Regional players seem totally aware and keen on the opportunity, as some of the projects they have undertaken suggest.
Planned LNG projects
The natural gas business of Abu Dhabi National Oil Company, Adnoc Gas, received technical bids from contractors in June for a project to build an LNG export terminal project in Ruwais, Abu Dhabi.
Adnoc Gas had originally planned to build the terminal in the UAE’s geopolitically strategic emirate of Fujairah, which sits outside the Strait of Hormuz on the coast of the Gulf of Oman. In early May, however, the company announced it was shifting the location of the project from Fujairah to Ruwais.
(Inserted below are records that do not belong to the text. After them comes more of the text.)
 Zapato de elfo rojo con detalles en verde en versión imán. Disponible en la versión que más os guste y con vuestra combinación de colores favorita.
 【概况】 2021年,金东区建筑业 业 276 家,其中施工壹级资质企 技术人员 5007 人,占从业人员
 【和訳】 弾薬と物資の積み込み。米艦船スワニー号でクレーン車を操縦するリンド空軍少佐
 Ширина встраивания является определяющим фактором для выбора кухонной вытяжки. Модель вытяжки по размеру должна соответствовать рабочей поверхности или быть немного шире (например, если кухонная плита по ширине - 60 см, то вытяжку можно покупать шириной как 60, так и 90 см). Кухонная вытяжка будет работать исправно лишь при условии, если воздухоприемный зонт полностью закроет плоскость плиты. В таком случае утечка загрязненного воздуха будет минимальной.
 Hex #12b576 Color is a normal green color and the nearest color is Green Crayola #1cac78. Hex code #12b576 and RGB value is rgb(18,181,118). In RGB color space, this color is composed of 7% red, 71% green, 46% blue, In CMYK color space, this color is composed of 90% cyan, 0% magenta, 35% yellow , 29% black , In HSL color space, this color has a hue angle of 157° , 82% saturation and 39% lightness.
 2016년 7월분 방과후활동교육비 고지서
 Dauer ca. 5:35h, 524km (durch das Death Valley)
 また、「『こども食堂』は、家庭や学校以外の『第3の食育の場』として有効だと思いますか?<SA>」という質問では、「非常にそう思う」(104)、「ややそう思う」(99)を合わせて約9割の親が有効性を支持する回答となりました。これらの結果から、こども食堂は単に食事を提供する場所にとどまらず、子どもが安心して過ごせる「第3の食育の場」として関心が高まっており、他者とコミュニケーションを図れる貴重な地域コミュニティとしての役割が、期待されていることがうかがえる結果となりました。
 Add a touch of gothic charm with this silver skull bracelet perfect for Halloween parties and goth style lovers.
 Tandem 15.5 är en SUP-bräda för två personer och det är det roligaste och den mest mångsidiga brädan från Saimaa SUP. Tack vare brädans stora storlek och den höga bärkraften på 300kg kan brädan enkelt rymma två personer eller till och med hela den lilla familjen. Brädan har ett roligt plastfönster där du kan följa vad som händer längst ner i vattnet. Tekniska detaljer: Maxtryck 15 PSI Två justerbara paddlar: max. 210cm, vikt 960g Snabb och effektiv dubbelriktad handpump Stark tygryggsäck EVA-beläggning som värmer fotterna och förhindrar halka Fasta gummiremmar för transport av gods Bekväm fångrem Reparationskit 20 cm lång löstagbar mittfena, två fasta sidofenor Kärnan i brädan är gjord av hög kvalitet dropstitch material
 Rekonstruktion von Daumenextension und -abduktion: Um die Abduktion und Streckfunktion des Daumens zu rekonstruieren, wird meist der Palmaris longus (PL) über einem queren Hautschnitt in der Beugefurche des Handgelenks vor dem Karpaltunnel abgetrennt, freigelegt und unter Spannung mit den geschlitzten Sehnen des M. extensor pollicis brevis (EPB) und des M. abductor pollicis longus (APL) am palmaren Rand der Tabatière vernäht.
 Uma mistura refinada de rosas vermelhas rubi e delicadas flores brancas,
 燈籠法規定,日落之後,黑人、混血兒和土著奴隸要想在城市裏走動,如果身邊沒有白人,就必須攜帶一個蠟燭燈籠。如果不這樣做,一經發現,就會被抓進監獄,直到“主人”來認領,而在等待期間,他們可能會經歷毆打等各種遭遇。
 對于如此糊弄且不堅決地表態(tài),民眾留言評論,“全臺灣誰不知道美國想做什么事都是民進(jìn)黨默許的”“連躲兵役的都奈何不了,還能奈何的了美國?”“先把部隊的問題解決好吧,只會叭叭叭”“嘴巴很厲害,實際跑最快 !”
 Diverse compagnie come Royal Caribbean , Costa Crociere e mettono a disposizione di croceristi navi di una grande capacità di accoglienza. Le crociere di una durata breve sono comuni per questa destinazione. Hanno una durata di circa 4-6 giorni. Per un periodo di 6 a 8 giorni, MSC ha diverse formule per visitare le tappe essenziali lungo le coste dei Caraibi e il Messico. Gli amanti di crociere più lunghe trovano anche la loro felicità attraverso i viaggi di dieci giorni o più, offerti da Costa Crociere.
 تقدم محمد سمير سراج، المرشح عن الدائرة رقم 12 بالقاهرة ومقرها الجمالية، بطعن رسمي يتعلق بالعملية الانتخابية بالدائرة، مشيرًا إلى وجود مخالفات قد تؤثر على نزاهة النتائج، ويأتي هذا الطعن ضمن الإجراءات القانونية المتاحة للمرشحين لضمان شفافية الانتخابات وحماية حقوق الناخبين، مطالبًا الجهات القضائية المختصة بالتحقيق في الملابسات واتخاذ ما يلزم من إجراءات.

Adnoc Gas, however, is understood to have kept the size and scale of the LNG complex unchanged. The planned export terminal will have the capacity to produce about 9.6 million t/y of LNG from two giant processing trains, each with a capacity of 4.8 million t/y.
Oman terminal
On the other hand, French company TotalEnergies is progressing with its planned project to build an LNG bunkering and export terminal in Oman’s northern city of Sohar.
TotalEnergies is leading a joint venture named Marsa LNG, which is the terminal project's developer. Marsa LNG was formed in December 2021 through an agreement between TotalEnergies and the sultanate’s state energy holding company OQ, with the partners owning 80 per cent and 20 per cent stakes respectively.
TotalEnergies recently asked contractors participating in the Marsa LNG terminal project’s feed-to-EPC competition to submit revised proposals for the front-end engineering and design (feed) based on the changes it has made to the scheme's scope.
Aramco plans
Saudi Aramco too is understood to have planned an LNG terminal on the kingdom’s east coast to process and export increased volumes of gas from its Jafurah unconventional gas reserve, as well as other gas production projects.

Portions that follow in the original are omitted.